** EXCERPTED RECORDS follows **

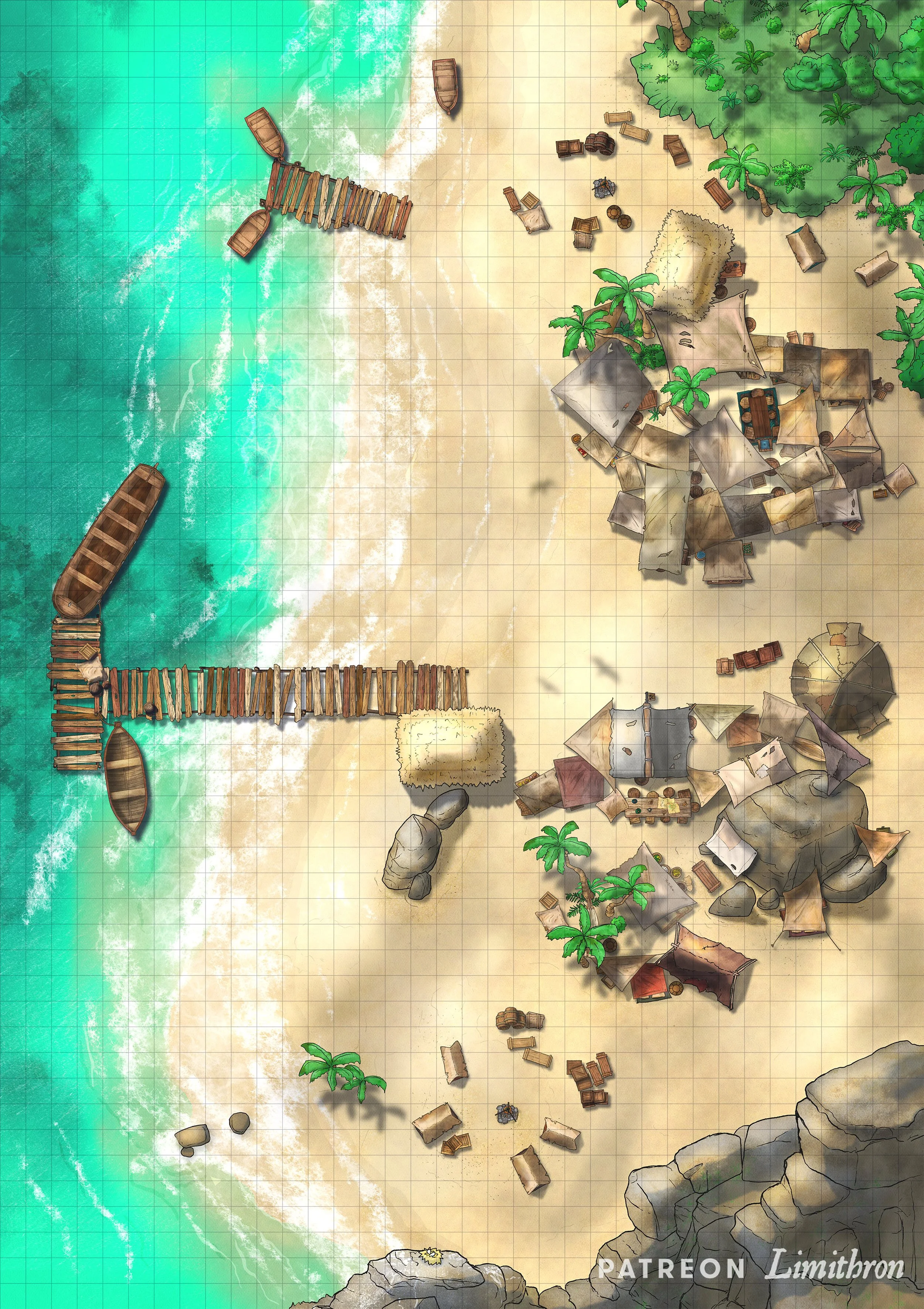 We’re quietly putting together some sort of mega-map, and the Shanty Town is its next piece. You can connect it to the beach map in the Starter Set, and to the Hangman's Beach map, and to the Hangman’s Jungle.
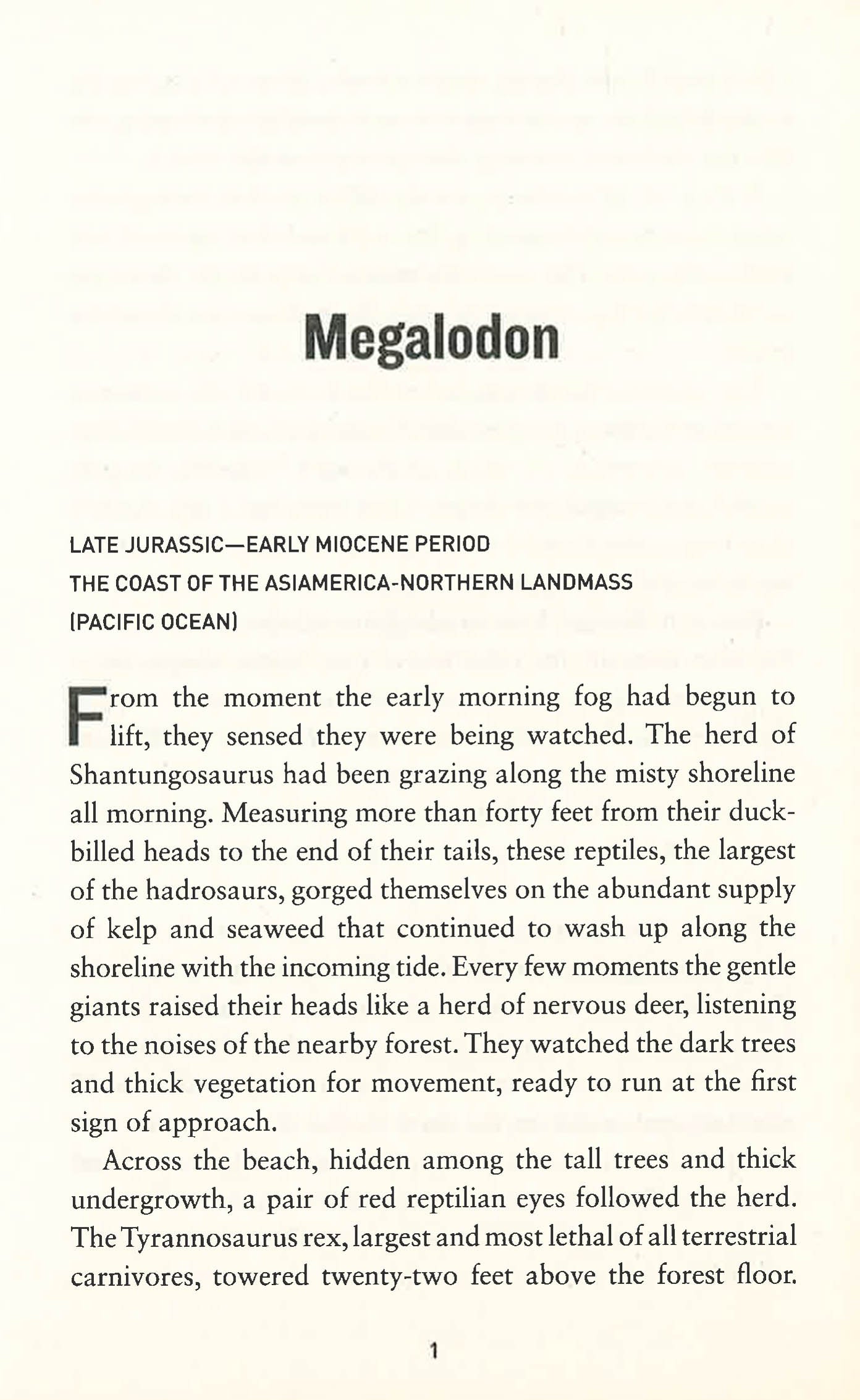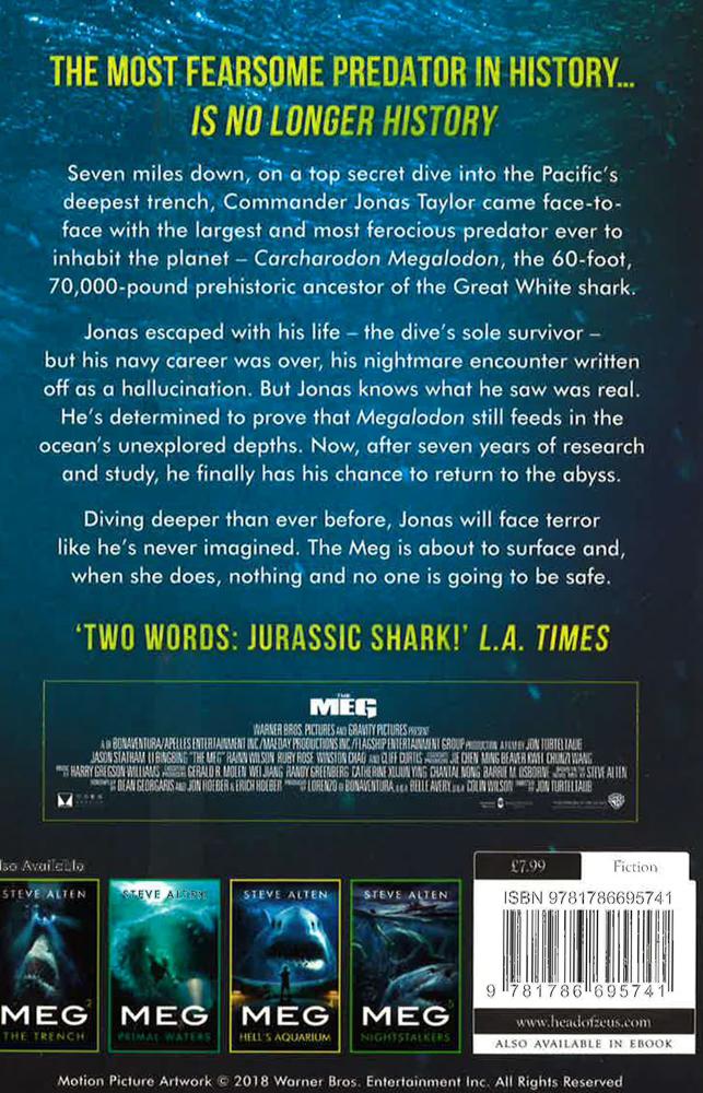 Resurrection of the MEG books, starring Megalodon, a 75-ft long prehistoric mega shark. The most fearsome predator in history... Is no longer history. Seven miles down, on a top secret dive into the Pacific's deepest trench, Commander Jonas Taylor came face-to-face with the largest and most ferocious predator ever to inhabit the planet - Carcharodon Megalodon, the 60-foot, 70,000-pound prehistoric ancestor of the Great White shark. Jonas escaped with his life - the dive's sole survivor - but his navy career was over, his nightmare encounter written off as a hallucination. But Jonas knows what he saw was real. He's determined to prove that Megalodon still feeds in the ocean's unexplored depths. Now, after seven years of research and study, he finally has his chance to return to the abyss. Diving deeper than ever before, Jonas will face terror like he's never imagined. The Meg is about to surface and, when she does, nothing and no one is going to be safe. Includes MEG: Origins.
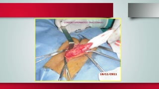 El documento describe la técnica quirúrgica de Eduardo Bassini para el tratamiento de hernias inguinales introducida en 1887. La técnica involucra 1) una incisión oblicua en la zona inguinal, 2) apertura del conducto inguinal, 3) liberación del cordón espermático, 4) apertura y resección del saco herniario, y 5) reconstrucción de la pared posterior del conducto inguinal al suturar el tendón conjunto al arco crural. La técnica de MC Vay también se describe breve
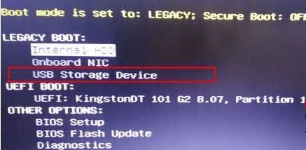 6、重啟過程中按 F12 ,就能進入開機啟動項選擇頁面,選擇 U SB storage device 回車,即可進入U盤啟動盤。
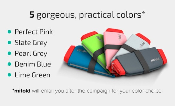 mifold 僅 750g,折疊後可放口袋,材質使用飛機級鋁合金聚合物製造,符合歐美規範,不因輕巧而造成安全打折,還可清洗,共五種顏色。indiegogo 上進行募資,最低入手價為 35 美金,預計 2016 年 3 月出貨。

** End of EXCERPTED RECORDS **

* **PROBLEM REQUIREMENTS**:
Retype exactly the lines from the line containing "6、重啟過程中按 F12 ,就能進入開機啟動項選擇頁面,選擇" through the end of the entries above, including both ends, and leave every picture out.

* **FINISHED EXERCISE**:
 6、重啟過程中按 F12 ,就能進入開機啟動項選擇頁面,選擇 U SB storage device 回車,即可進入U盤啟動盤。
 mifold 僅 750g,折疊後可放口袋,材質使用飛機級鋁合金聚合物製造,符合歐美規範,不因輕巧而造成安全打折,還可清洗,共五種顏色。indiegogo 上進行募資,最低入手價為 35 美金,預計 2016 年 3 月出貨。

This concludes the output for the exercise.